Both series dealt with strikingly similar themes (I’ll put them under the broad heading of “letting go”) and both have, in their respective runs, exhibited many of the strengths and weakness of the TV cultures in which they were created. For me, the end of Ashes to Ashes was, mostly, a model of taut economy in the handling of emotion, while Lost slightly slapped the emotion on with a trowel, but both were satisfying conclusions to their shows – well, for all but a certain type of fan.
A trundle around fans sites shows this type of fan: the type who think they own the show. Beware, sweeping generalisations to follow: This group is made up largely of those who want the mysteries solved, who want to know, for example, where Lost Island’s light came from, exactly who Nelson is at The Railway Inn and so on. People who declared that the writers “failed” in not explaining everything. In short, the people who know slightly less than jack shit about the nature and purpose of storytelling.
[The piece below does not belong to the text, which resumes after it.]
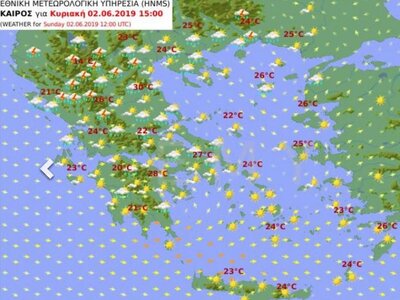 O προγνωστικός χάρτης της ΕΜΥ για το μεσημέρι της Κυριακής των εκλογών / Πηγή: HNMS.GR

In even shorter: the wailing fanboys.
Sorry, is that a bit blunt? If you are going to be so damned obsessed with puzzle solving that you miss, say, the skill with which the full emotional implications of Kate’s “I’ve missed you so much” was delayed until the final reveal, then bluntness is what you deserve. Pay attention in future. And if you are going to ignore minutes on end of screen time because it doesn’t fit your “failure” narrative, it is no-one’s fault but your own if you get mocked (OK, I admit it – browsing fan forums is a guilty pleasure).
It’s not that there aren’t top quality ‘formula’ shows – US television excels at them, from police procedurals, to teen angsts dramas, to sitcoms. But such shows rarely indicate a sense of direction, driven more by the need to come up with something “new” rather than work to a conclusion. Stories like Lost and Ashes to Ashes are not that type of story (it is telling that Lost only really gained narrative focus and shook off the vague “shaggy dog story” feel after it was given a clear end date – funny that).
So don’t presume that you own the story: If it is bad writing that is one thing, but if it doesn’t fit the formula, that is because it is not a formula story and if you thought it was then you weren’t paying attention. If the story turns out not to be the one you thought it was, then don’t tell the writers they let you down and are idiots. Not until you have given it a crack yourself, and found out if anybody gives a damn how the MacGuffin Machine works.
Because it is bad enough that writers of real talent have to struggle in an expensive and risky medium, in the face of cautious outlets; it is much worse when they have to do it to a wailing chorus making noise in gross disproportion to its insight.